While the full code for the function get_ratings can be found in this Github repo, I’ll explain a little about the regular expressions I used. Let’s use this one line of the PDF text as an example:

## [1] "      6        6        6     Mon 10:00 ABC The Good Doctor               9.61  1.2    1.7    2.2       51%\n  9  "

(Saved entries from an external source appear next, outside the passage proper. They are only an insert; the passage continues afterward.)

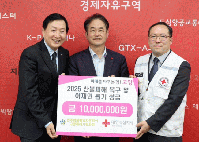 [NWS¹æ¼Û=Çѽ¸ñ ±âÀÚ]°í¾çƯ·Ê½Ã´Â Áö³­ 7ÀÏ, °í¾ç½Ãû ¿­¸°½ÃÀå½Ç¿¡¼­ ¹ÎÁÖÆòÈ­ÅëÀÏÀÚ¹®È¸ÀÇ °í¾ç½ÃÇùÀÇȸ¿Í ¿µ³²Áö¿ª »êºÒ ÇÇÇØº¹±¸¸¦ À§ÇÑ ¼º±Ý Àü´Þ½ÄÀ» °³ÃÖÇß´Ù°í ¹àÇû´Ù. À̳¯ ¹ÎÁÖÆòÈ­ÅëÀÏÀÚ¹®È¸ÀÇ °í¾ç½ÃÇùÀÇȸ´Â ÀÚ¹®À§¿øµéÀÌ¡¦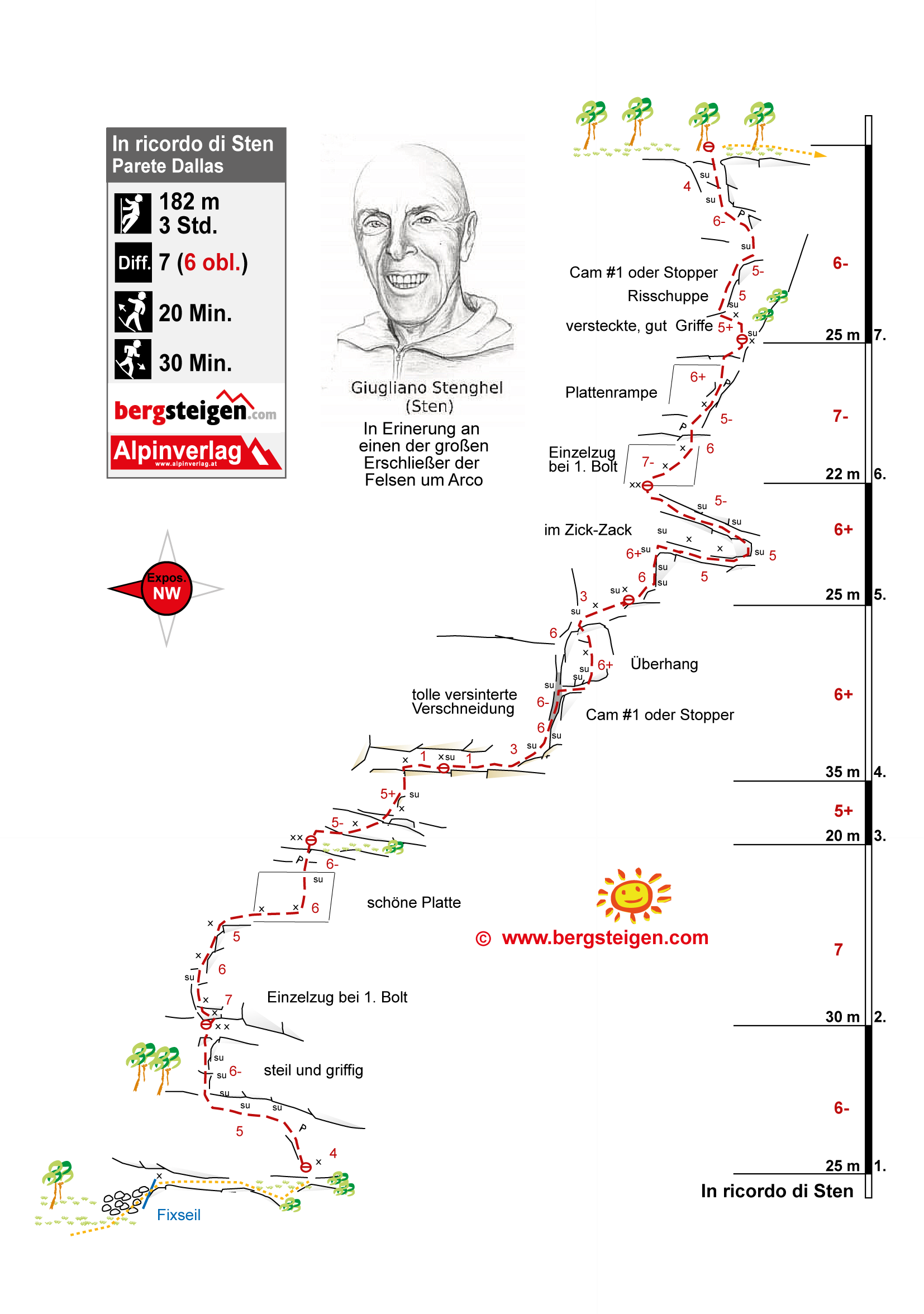 Giuliano Stenghel war einer der Haupterschließer der Felsen um Arco. Kurz nach seinem Tod hat ihm Florian Kluckner - ebenfalls einer der großen Erschließer im Sarcatal - an der Parete Dallas diese Tour gewidmet. Mit dem gleichen magischen Spürsinn von Sten suchte Florian Kluckner einen Weg durch die steilsten Überhänge der Wand. Die Kletterei ist sehr abwechslungsreich und anhaltend schwierig bis zum Schluss. Die Absicherung ist gut, zwei Stellen können mit Cams entschärft werden. Der Fels ist sehr gut und die Tour ist auch perfekt geputzt und empfiehlt sich wegen der nordwestlichen Ausrichtung vor allem für heiße Tage.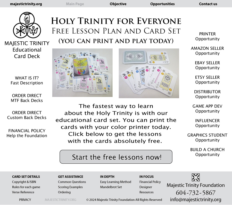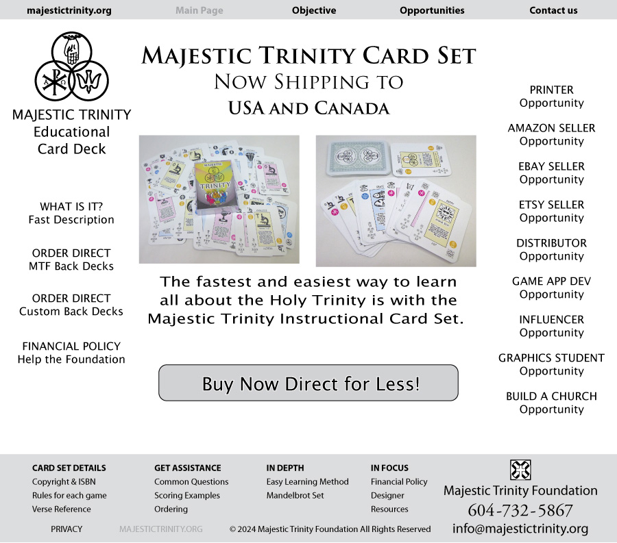 Majestic Trinity Foundation educational card set teaches all about the Holy Trinity. The attributes of the Father, Son and Holy Spirit are represented graphically to easily learn and understand.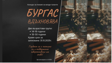 Ученическият комитет на Община Бургас организира първото издание на младежкия поетичен конкурс „Бургас вдъхновява“. Инициативата насърчава младите хора да изразят своята творческа енергия и емоционална връзка с града чрез поезия. Участниците трябва да създадат стихотворение, вдъхновено от цитат на бургаски поет. Цитатът се посочва само в..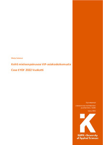 Tämän opinnäytetyön toimeksiantaja on EYOF 2022 Vuokatti ja Kainuun Liikunta. Opinnäytetyön tarkoituksena on tutkia ja koota tietoa asiakaskokemuksesta, sen muodostumisesta ja asiakkaan odotuksiin vastaamisesta sekä niiden ylittämisestä urheilutapahtumassa. Opinnäytetyön tavoitteena on kehittää mieleenpainuvan VIP-asiakaskokemuksen toimintamalli ja koota talkoo-ohjeistus European Youth Olympic Festival 2022 Vuokatti -tapahtuman VIP-vieraiden osalta. Lisäksi tavoitteena on luoda korkeatasoinen tapahtumakokemus EYOF 2022 -tapahtuman VIP-vieraille.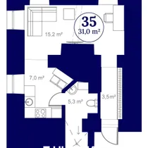 The apartment is located on the building's basement floor, with views from the windows overlooking the back of the house and one side. The apartment consists of an entrance hall, a room with an open kitchen, a living room, and a shower-toilet room - with a total area of 31 m2.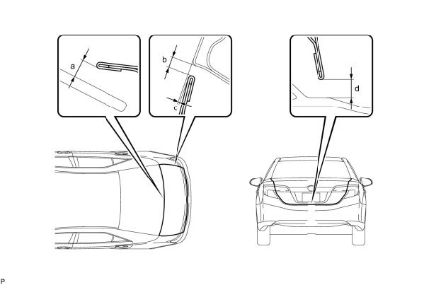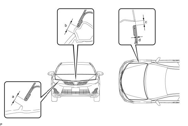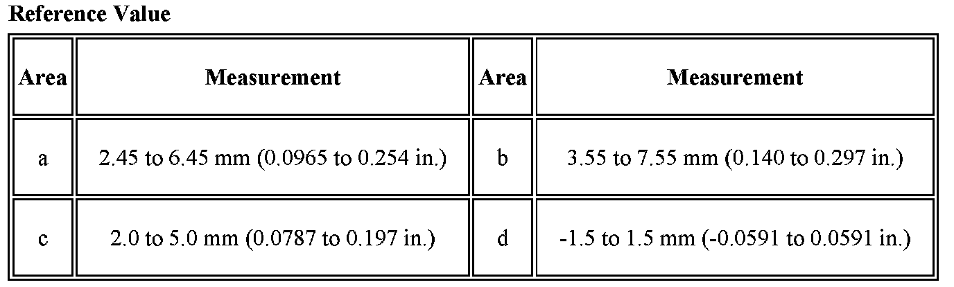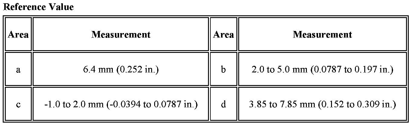 a. Check that the clearance measurements of areas a through d are within each standard range.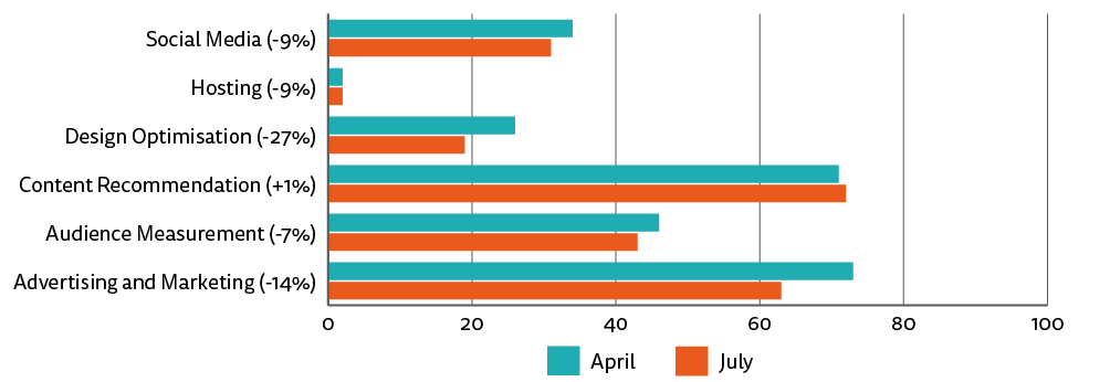 Figure 5. Content cookie use (April-July change in parenthesis)
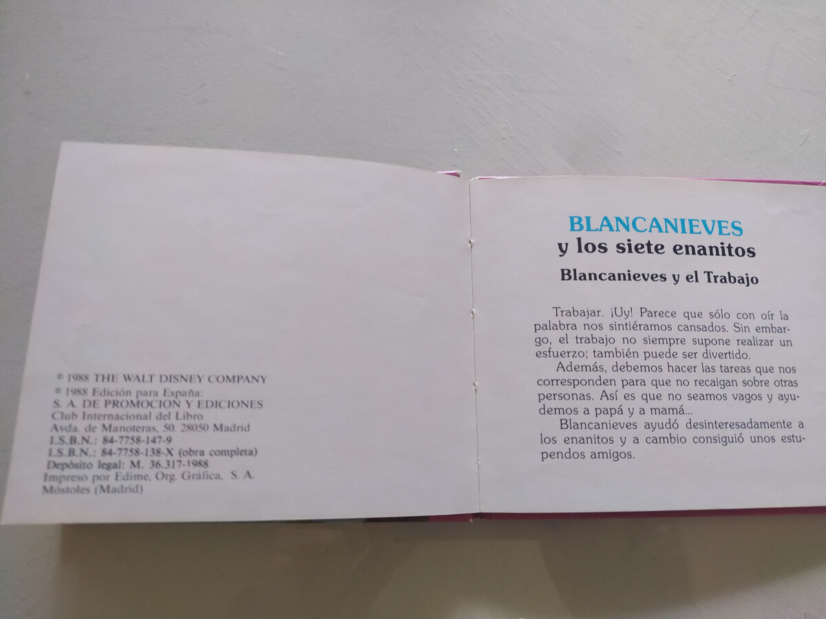 Blancanieves Et los 7 Nains el Travail WALT DISNEY 1988 - Livre cuento Espagnol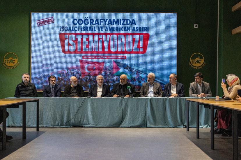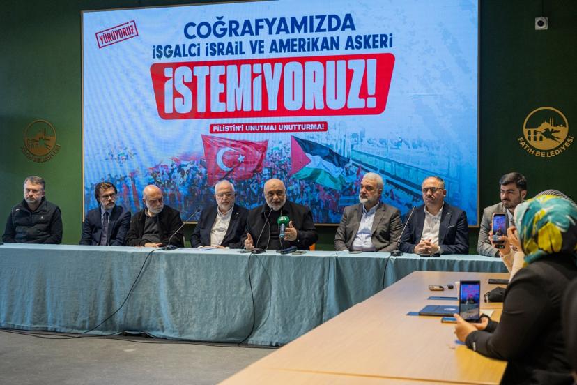 basın toplantısında bir konuşma yapan Filistin'e Destek Platformu Başkanı Osman Nuri Kabaktepe, "Siyonist rejimin Amerika ile birlikte İran'a ve bölgemize yönelik saldırılarının hem karşısında olduğumuzu hem de bölgemizi işgal etmeye yönelik çabalarının sadece bölgeye değil, dünyaya da istikrarsızlık getirdiğini, bu yapılanlara hayır dediğimizi ve durduğumuz yerin belli olması adına pazar günü hep beraber gördüğümüzü, körleşmediğimizi, duyduğumuzu, sağırlaşmadığımızı göstermek için tüm İstanbullu kardeşlerimizi yürüyüşümüze davet ediyoruz." şeklinde konuştu.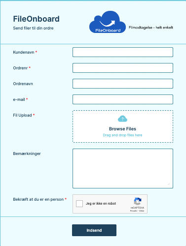 Formularen indeholder felter, som skal udfyldes, så du sikrer dig altid at få de relevante informationer fra kunden sammen med filerne.
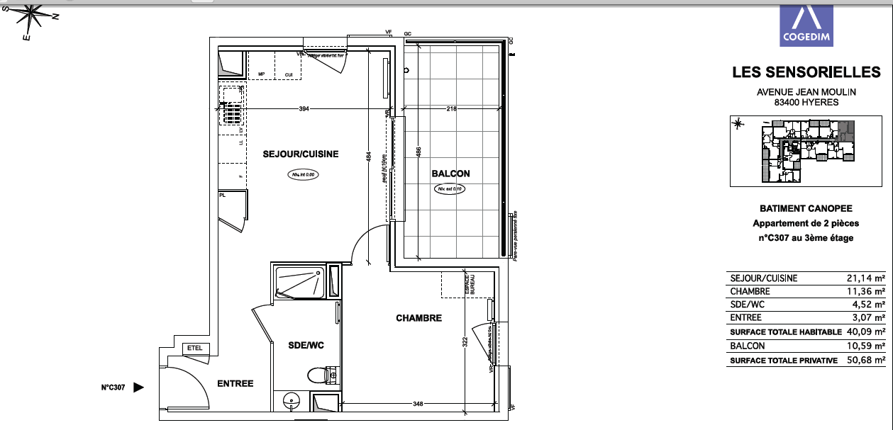 ...45m2 Situé au dernier étage de la résidence avec ascenseur il se compose d'un hall d'entrée...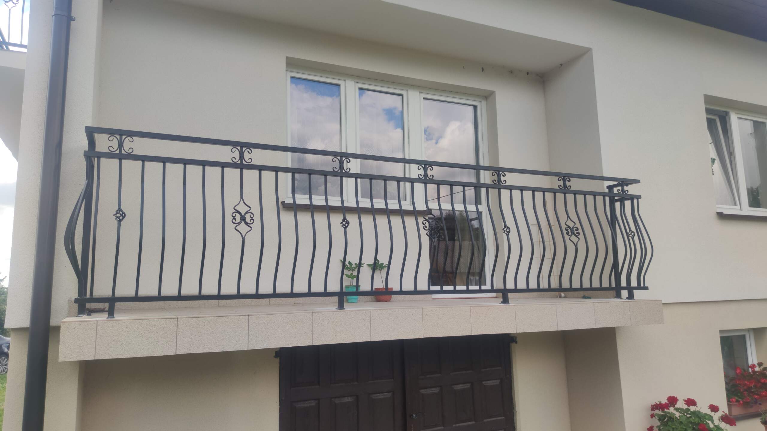 Charakterystyka balustrady: – Profile poziome 40x30x1,5 – Tralki profile pionowe 15x15x1,5 – Nogi profil zamknięty 40x40x2 – Wysokość balustrady 100cm – Elementy ozdobne i rozetami

First, I identified some groups of elements to extract together. Since I have a fairly limited knowledge of regex semantics, the process of extracting elements from these lines was made significantly easier by using the rebus package in R. Here’s a flow of how the rebus expressions I wrote translated as regular expressions, followed by the elements extracted:

Group 1:

Group 2:

Group 3:

Bless you, rebus 🙏🏻. Next, I removed all of the elements above from the string to leave the network and program name, which I then split up into separate elements. All in all, it took a lot of trial and error to figure out the best regular expressions patterns to use, and while this may not be the prettiest or most efficient way to extract the data, it got the job done!

Visualizing the data

Once the data were tidy, the fun could begin! First, I wanted to see what the 20 most viewed programs were last week. I decided to exclude any reruns of shows to keep the list about new TV content.

data %>%
  filter(rerun == FALSE) %>%
  top_n(n=20,wt = viewers_millions) %>%
  select(network,program,viewers_millions,P2_ranking) %>%
  ggplot()+geom_bar(aes(x = reorder(program,viewers_millions),y = viewers_millions,fill=network),stat = 'identity')+coord_flip()+
  labs(x = "TV Show", y = "Viewers (millions)", title="Most Watched Programs on Broadcast TV from January 29-February 4, 2018") + theme_minimal() + scale_y_continuous(expand=c(0,0))

Unsurprisingly, the Super Bowl and its Post Game commentary dominated the weekly ratings, and This Is Us probably benifited a great deal from the post-Super Bowl time slot. CBS seems to have a lot of popular shows, while Fox and the CW didn’t even make the list. Unfortunately, data from each network’s airing of the State of the Union were not included in the PDF, so they did not make the cut either (though contrary to what one man thinks, this was not the most watched SOTU ever).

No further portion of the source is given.